Except the above, where the matter of the extent and depth of consideration of the appeal is concerned, no distinctions or differences in approach are envisaged in dealing with an appeal as such merely because one was against conviction or the other against an acquittal. [Vide State of Rajasthan v. Sohan Lal and others, (2004) 5 SCC 573 : ( AIR 2004 SC 4520 : 2004 AIR SCW 4321)]" 5.8 It is also a settled legal position that in acquittal appeal, the appellate Court is not required to re-write the judgment or to give fresh reasonings, when the reasons assigned by the Court below are found to be just and proper. Such principle is laid down by the Hon'ble Apex Court in the case of State of Karnataka v.
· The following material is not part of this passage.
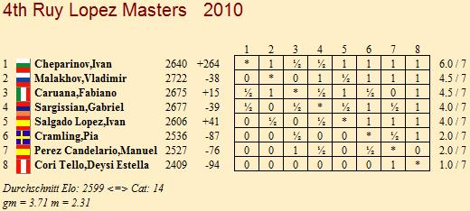Villafranca (ESP) - Vom 11. bis 19. Juni fand in Villafranca de los Barros das Ruy Lopez Chess Festival 2010 statt. Gekrönt wurde die Veranstaltung von einem siebenrundigen GM-Turnier der Kategorie 14 (ELO 2599). Favorit auf den Sieg war der einzige 2700er, Vladimir Malakhov, doch dieser musste sich letztlich zusammen mit Fabiano Caruana den zweiten Rang teilen. Souveräner Sieger wurde Ivan Cheparinov mit deutlichen 1,5 Punkten Vorsprung und einer Performance über 2900. Der Bulgare, der seit Jahren Veselin Topalovs Sekundant/Schüler ist, holte 6 aus 7 und verlor als einziger Teilnehmer keine Partie. Für Cheparinov war das der zweite Titel in Folge beim Ruy Lopez Master. Für Aufmerksamkeit sorgte der junge Mann 2008, als er seinem Meister Topalov und dessen (und damit auch seinem) Manager Silvio Danailov imponieren wollte, indem er beim Corus Chess Tournament 2008 seinem Gegner Nigel Short den Handschlag verweigerte. Short hatte sich in der Vergangenheit mehrfach kritisch über Topalov und Danailov geäußert. Wegen Unsportlichkeit sollte Cheparinov daraufhin die Partie kampflos verlieren, doch nicht zum ersten intervenierte Danailov erfolgreich. Cheparinov entschuldigte sich und so wurde die Partie tatsächlich nachgespielt. Nicht nur sehr zur Freude des Briten, gewann Short souverän.

Hemareddy, reported in AIR 1981 SC 1417 wherein it is held as under: "...This court has observed in Girija Nandini Devi V. Bigendra Nandini Chaudhary, (1967)1 SCR 93 : ( AIR 1967 SC 1124 ) that it is not the duty of the appellate court when it agrees with the view of the trial court on the evidence to repeat the narration of the evidence or to reiterate the reasons given by the trial court expression of general agreement with the reasons given by the Court the decision of which is under appeal, will ordinarily suffice." 5.9 Thus, in case the appellate Court agrees with the reasons and the opinion given by the lower court, then the discussion of evidence at length is not necessary. 5.10 In the aforesaid backdrop, we are of the considered opinion that the Court below was completely justified in passing impugned judgment and order and we are in complete agreement with the reasonings given and the findings arrived at by the trial Court and therefore, we are not inclined to disturb the same. 6. In view of the aforesaid discussion, present appeals fail and are dismissed accordingly. The impugned judgment and order dated 05/03/2003, passed by the learned Additional Sessions Judge & 6th Fast Track Court Judge, Junagadh, in Sessions Case No.49 of 2002, is hereby confirmed. The bail bonds of the accused shall stand cancelled. Registry to return the R&P to the trial Court forthwith.